### Given information

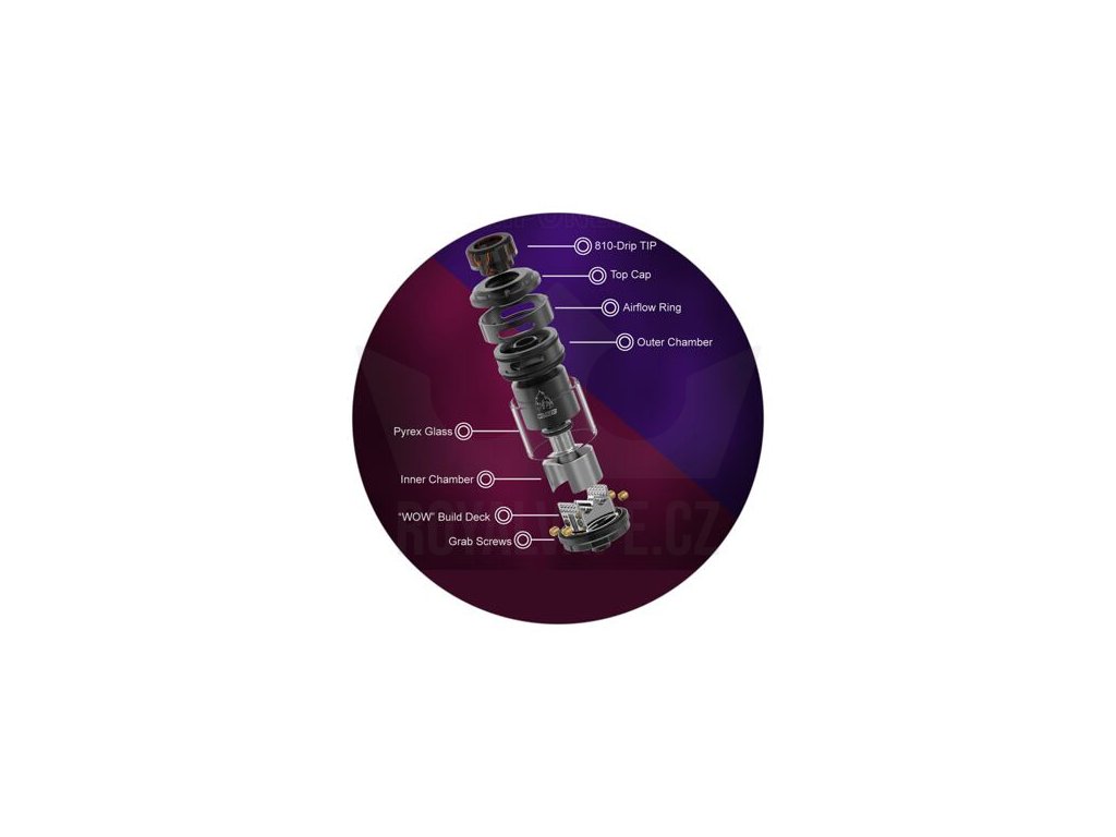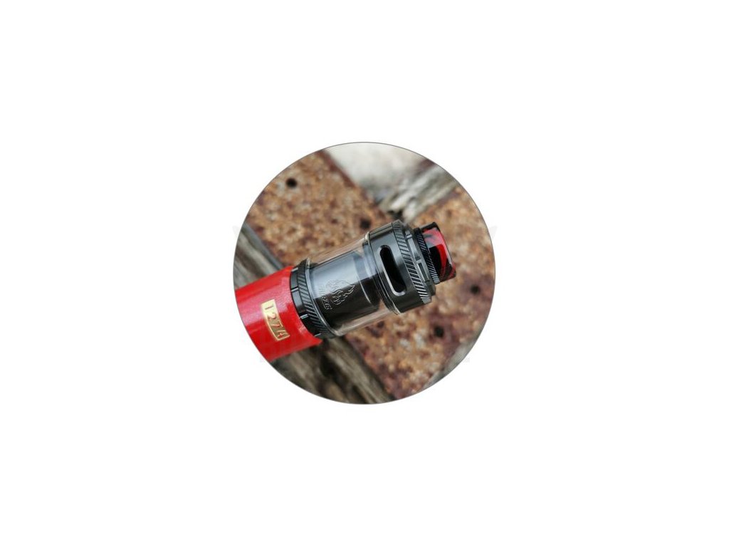 Zajímavým prvkem atomizéru je potom systém airflow. Ten je umístěn ve vrchní části, kde se nachází široký otvor pro vstup vzduchu do atomizéru. Na otvoru najdete praktický regulační kroužek pro pohodlnou regulaci přívodu vzduchu a ovlivnění výsledné tuhosti potahu. Díky vrchnímu přívodu vzduchu navíc vzduch uvnitř atomizéru cirkuluje mnohem efektivněji a výsledná chuť vás doslova dokáže srazit do kolen.
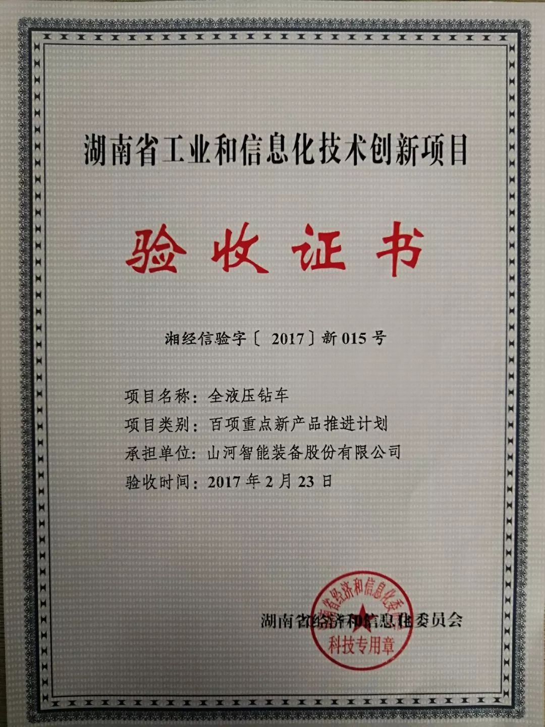 2015年4月13日,“高性能螺旋地桩钻机研制及产业化”项目获批湖南省经信委2015年全省工业领域“百项重点新产品推进计划”重点新产品研发项目。
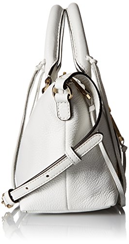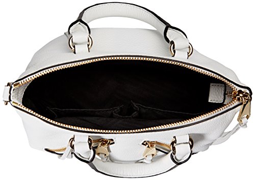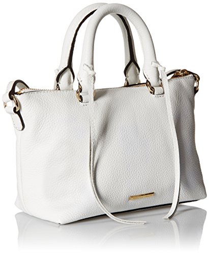 Micro cross-body bag in pebbled finish featuring tassel trims and diagonal zip pockets at front

######

**Description of the task**
Write out the listing above again, exactly, but with no pictures in the copy.

**Final answer**
 Zajímavým prvkem atomizéru je potom systém airflow. Ten je umístěn ve vrchní části, kde se nachází široký otvor pro vstup vzduchu do atomizéru. Na otvoru najdete praktický regulační kroužek pro pohodlnou regulaci přívodu vzduchu a ovlivnění výsledné tuhosti potahu. Díky vrchnímu přívodu vzduchu navíc vzduch uvnitř atomizéru cirkuluje mnohem efektivněji a výsledná chuť vás doslova dokáže srazit do kolen.
 2015年4月13日,“高性能螺旋地桩钻机研制及产业化”项目获批湖南省经信委2015年全省工业领域“百项重点新产品推进计划”重点新产品研发项目。
 Micro cross-body bag in pebbled finish featuring tassel trims and diagonal zip pockets at front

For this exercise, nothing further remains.